Division of Nephrology, University of Maryland Medical Center, Baltimore, MD, USA.
J Gen Intern Med. 2012 Sep;27(9):1127-34. doi: 10.1007/s11606-012-2069-6. Epub 2012 Apr 27.
Consumption of sugar-sweetened beverages (SSBs) is associated with an increased risk of hypertension in cross-sectional studies. However, prospective data are limited.
To examine the associations between SSBs and artificially sweetened beverages (ASBs) with incident hypertension.
Prospective analysis using Cox proportional hazards regression to examine the association between SSBs and ASBs with incident hypertension in three large, prospective cohorts, the Nurses' Health Studies I (n = 88,540 women) and II (n = 97,991 women) and the Health Professionals' Follow-Up Study (n = 37,360 men).
Adjusted hazard ratios for incident clinically diagnosed hypertension.
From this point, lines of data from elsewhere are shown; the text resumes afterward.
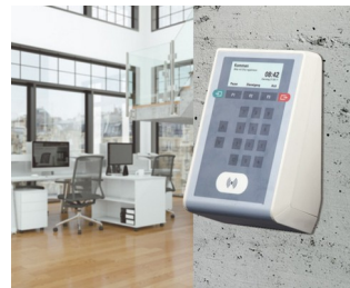
Time recording terminal
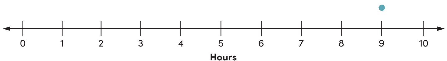
Time Spent Playing Video Games
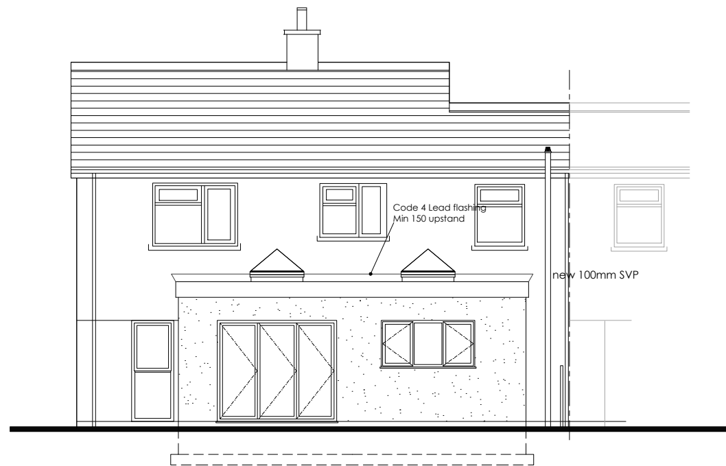
REAR (NORTH) ELEVATION
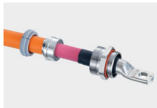
1. Push the cable lug through

Amazingly simple and robust: The "pluggable" (easily disconnectable) EMC shield contact solution makes the EVolution EMC extremely powerful. Due to the unique design of this shield contact solution, it is the first EMC cable gland that is designed to facilitate maintenance and repair (e.g. sealing ring replacement).
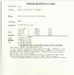
K1584 - Condition and restoration record, circa 1950s-1960s
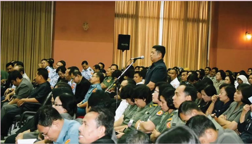
One of staffs of Lemhannas RI asked in question-answer session after direction from Lemhannas RI Governor finishes

or resilience sectors. This ICT Model in 2010 will be continuously developed.
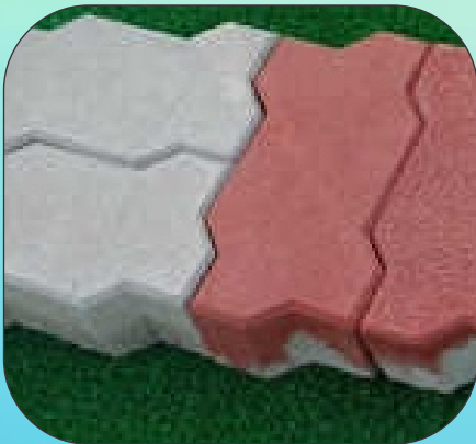
80 Mm Zigzag Interlocking Tiles
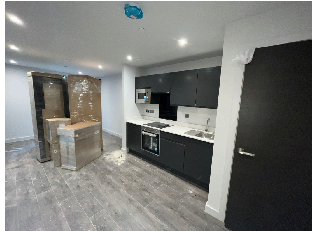
Kitchen installation complete
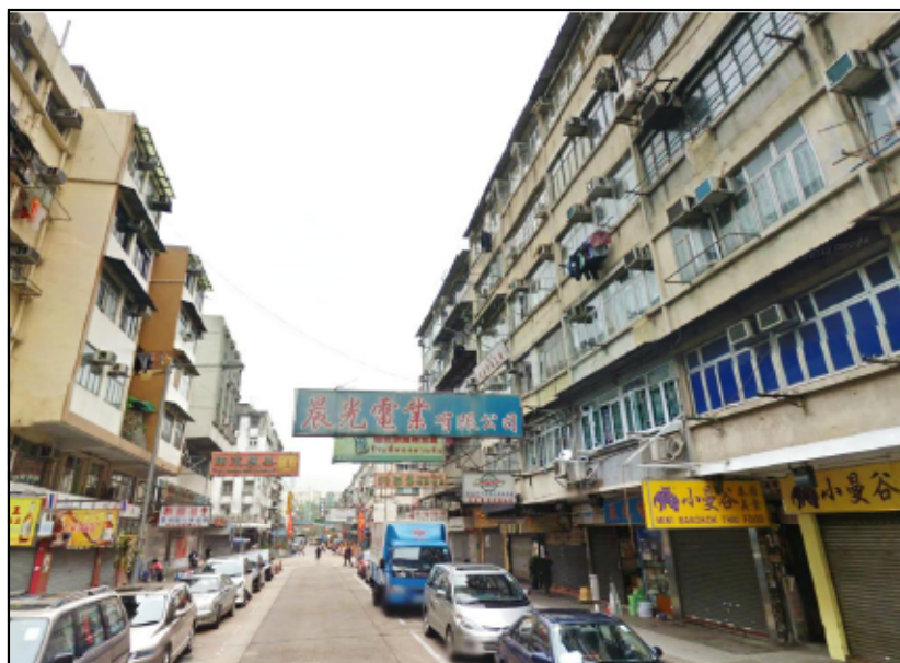
RC2.2 RESIDENTIAL AND COMMERCIAL DEVELOPMENTS IN KOWLOON CITY
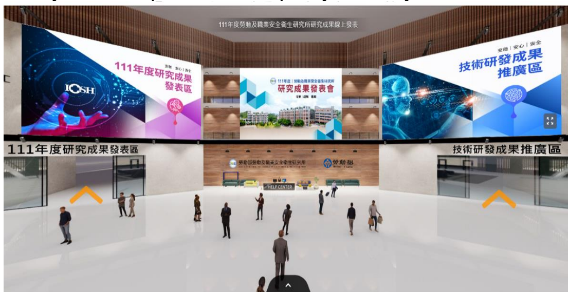
Image 32: 2022 ILOSH Online Presentation of Research Results Event Portal

15.09.2022 The Institute of Labor and Occupational Safety and Health held the 2022 Online Presentation of Research Results. During the epidemic period, the ILOSH leveraged the power of the Internet to deliver the results of labor and occupational safety and health research to workers and occupational safety and health personnel more quickly and easily.

Higher SSB and ASB intake was associated with an increased risk of developing hypertension in all three cohorts. In a pooled analysis, participants who consumed at least one SSB daily had an adjusted HR for incident hypertension of 1.13 (95 % CI, 1.09-1.17) compared with those who did not consume SSBs; for persons who drank at least one ASB daily, the adjusted HR was 1.14 (95 % CI, 1.09-1.18). The association between sweetened beverage intake and hypertension was stronger for carbonated beverages versus non-carbonated beverages, and for cola-containing versus non-cola beverages in the NHS I and NHS II cohorts only. Higher fructose intake from SSBs as a percentage of daily calories was associated with increased hypertension risk in NHS I and NHS II (p-trend = 0.001 in both groups), while higher fructose intake from sources other than SSBs was associated with a decrease in hypertension risk in NHS II participants (p-trend = 0.006).
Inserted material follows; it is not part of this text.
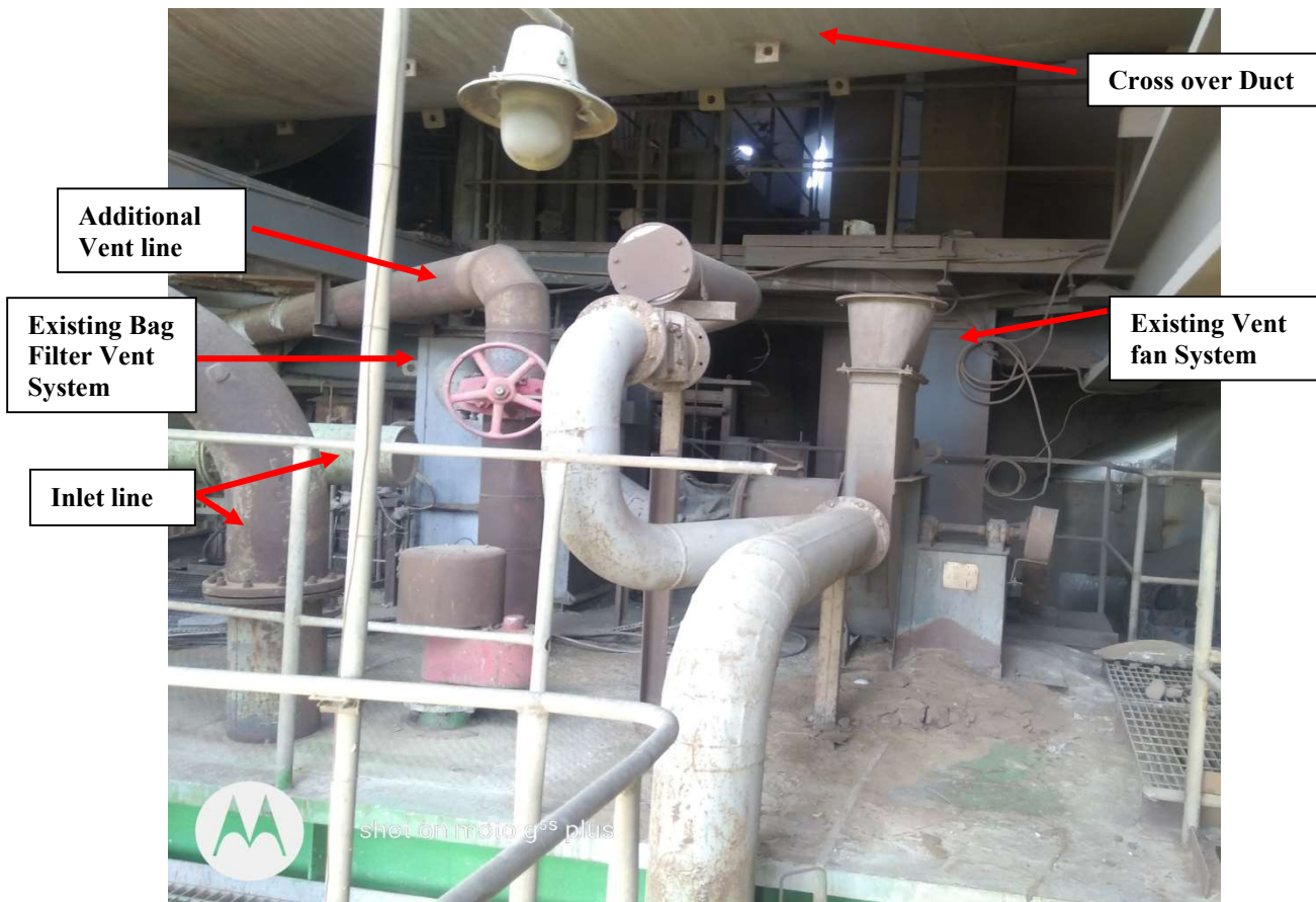
Bed Material Silo-top view

Residual confounding factors may interfere with the interpretation of results.
SSBs and ASBs are independently associated with an increased risk of incident hypertension after controlling for multiple potential confounders. These associations may be mediated by factors common to both SSBs and ASBs (e.g., carbonation or cola), but are unlikely to be due to fructose.
横断面研究表明,饮用含糖饮料(SSB)会增加患高血压的风险。然而,前瞻性数据有限。
研究 SSB 和人工加糖饮料(ASB)与新发高血压的相关性。
使用 Cox 比例风险回归对 3 个大型前瞻性队列(护士健康研究 I(n=88540 名女性)和 II(n=97991 名女性)和健康专业人员随访研究(n=37360 名男性)中的 SSB 和 ASB 与新发高血压的相关性进行前瞻性分析。
对新确诊高血压的发病率进行调整后的风险比。
在所有 3 个队列中,较高的 SSB 和 ASB 摄入量与高血压发病风险增加相关。在汇总分析中,与不饮用 SSB 的参与者相比,每天至少饮用一种 SSB 的参与者发生高血压的调整后 HR 为 1.13(95%CI,1.09-1.17);对于每天至少饮用一种 ASB 的人,调整后的 HR 为 1.14(95%CI,1.09-1.18)。仅在 NHS I 和 NHS II 队列中,与饮用非碳酸 SSB 相比,饮用碳酸 SSB 与高血压的相关性更强;与饮用不含可乐的 SSB 相比,饮用含可乐的 SSB 与高血压的相关性更强。在 NHS I 和 NHS II 中,SSB 中果糖摄入量占每日卡路里的百分比与高血压风险增加相关(两组的 P 趋势均=0.001),而 SSB 以外的其他来源的果糖摄入量与 NHS II 参与者的高血压风险降低相关(P 趋势=0.006)。
残留的混杂因素可能会干扰结果的解释。
在控制了多个潜在混杂因素后,SSB 和 ASB 与新发高血压的风险增加独立相关。这些相关性可能是由 SSB 和 ASB 共有的因素介导的(例如碳酸化或可乐),但不太可能是由于果糖。